Following are descriptions of the options available on the k-Nearest Neighbors Prediction dialogs.

Variables In Input Data

All variables in the data set are listed here.

Selected Variables

Variables listed here will be utilized in the Analytic Solver Data Mining output.

Output Variable

Select the variable whose outcome is to be predicted here.

Partition Data

Analytic Solver Data Mining includes the ability to partition a dataset from within a classification or prediction method by selecting Partition Options on the Parameters dialog. If this option is selected, Analytic Solver Data Mining will partition your dataset (according to the partition options you set) immediately before running the prediction method. If partitioning has already occurred on the dataset, this option will be disabled. For more information on partitioning, please see the Data Mining Partitioning chapter.

Rescale Data

Click Rescale Data to open the Rescaling dialog.

New in V2017, use Rescaling to normalize one or more features in your data during the data preprocessing stage. Analytic Solver Data Mining provides the following methods for feature scaling: Standardization, Normalization, Adjusted Normalization and Unit Norm. For more information on this new feature, see the Rescale Continuous Data section within the Transform Continuous Data chapter that occurs earlier in this guide.

# Neighbors (k)

This is the parameter k in the k-nearest neighbor algorithm. If the number of observations (rows) is less than 50 then the value of k should be between 1 and the total number of observations (rows). If the number of rows is greater than 50, then the value of k should be between 1 and 50. The default value is 1.

Nearest Neighbors Search

If Search 1..K is selected, Analytic Solver Data Mining will display the output for the best k between 1 and the value entered for # Neighbors (k).

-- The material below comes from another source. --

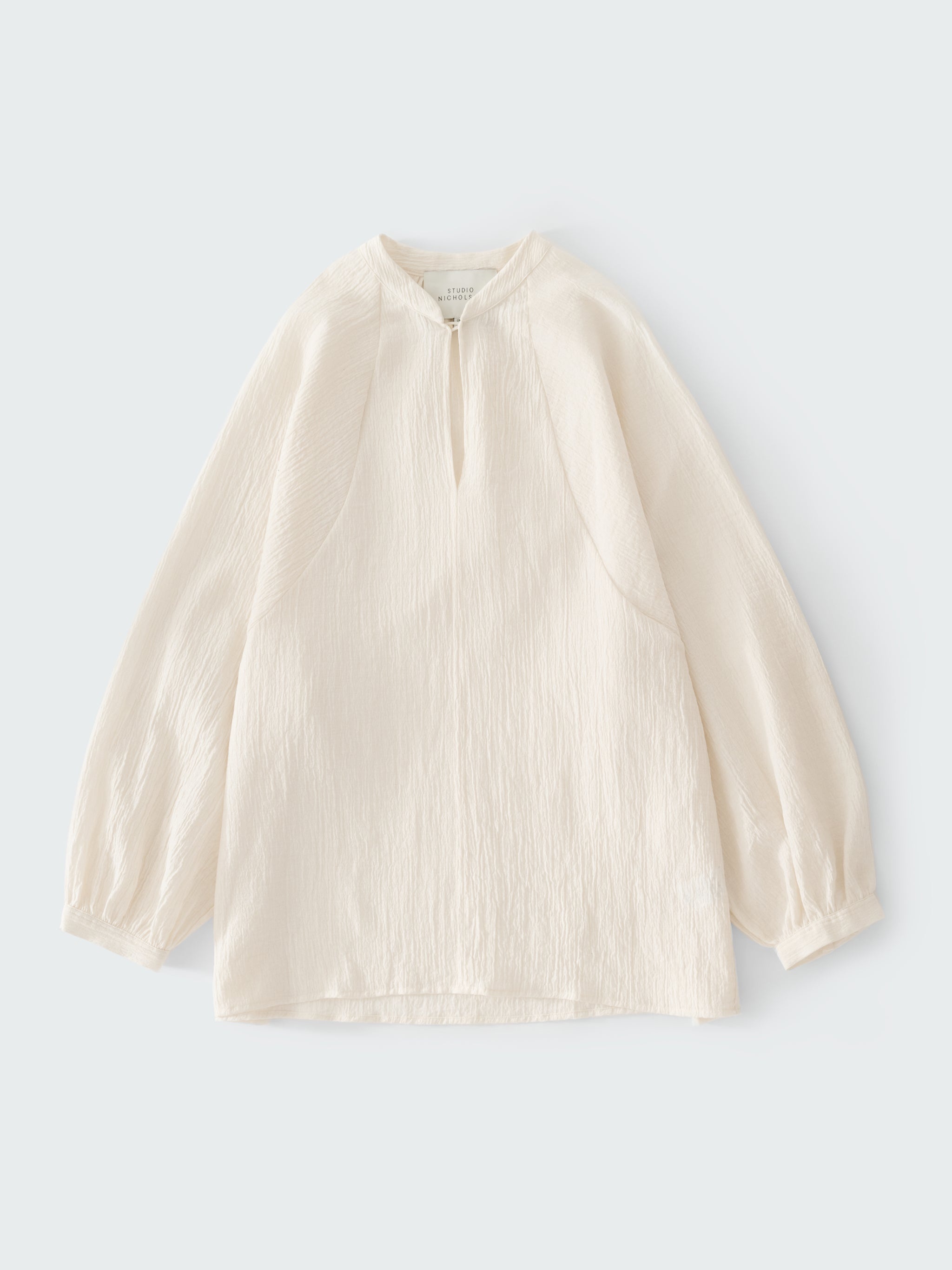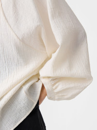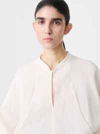 Crafted in a minimal matelasse that falls softly over the body, the Seil is noted for its textured hand feel. Sister to the Blanca dress, it’s shaped with raglan sleeves that accentuate the generous, oversized frame. Seil is constructed with a stand collar, buttoned keyhole and buttoned cuffs – considered nods to classic shirting. DETAILS - Textured fabric - Minimal matelasse - Raglan sleeves - Buttoned keyhole - Buttoned cuffs - Stand collarRebecca is 5’10” / 177.5 cms and wears a size UK8 CARE 74% Cotton 26% Polyamide Do NOT Iron | Dry Clean Made in Portugal

If Fixed K selected, the output will be displayed for the specified value of k. This is the default setting.

Score Training Data

Select these options to show an assessment of the performance of the tree in classifying the Training Set. The report is displayed according to the specifications: Detailed, Summary, and Lift Chart.

Score Validation Data

These options are enabled when a Validation Set exists. Select these options to show an assessment of the performance of the algorithm in classifying the Validation Set. The report is displayed according to the specifications: Detailed, Summary, and Lift Charts.

Score Test Data

These options are enabled when a test set is present. Select these options to show an assessment of the performance of the tree in classifying the test data. The report is displayed according to your specifications: Detailed, Summary, and Lift Charts.

Score New Data

See the Scoring New Data section for information on the KNNP_Stored worksheet.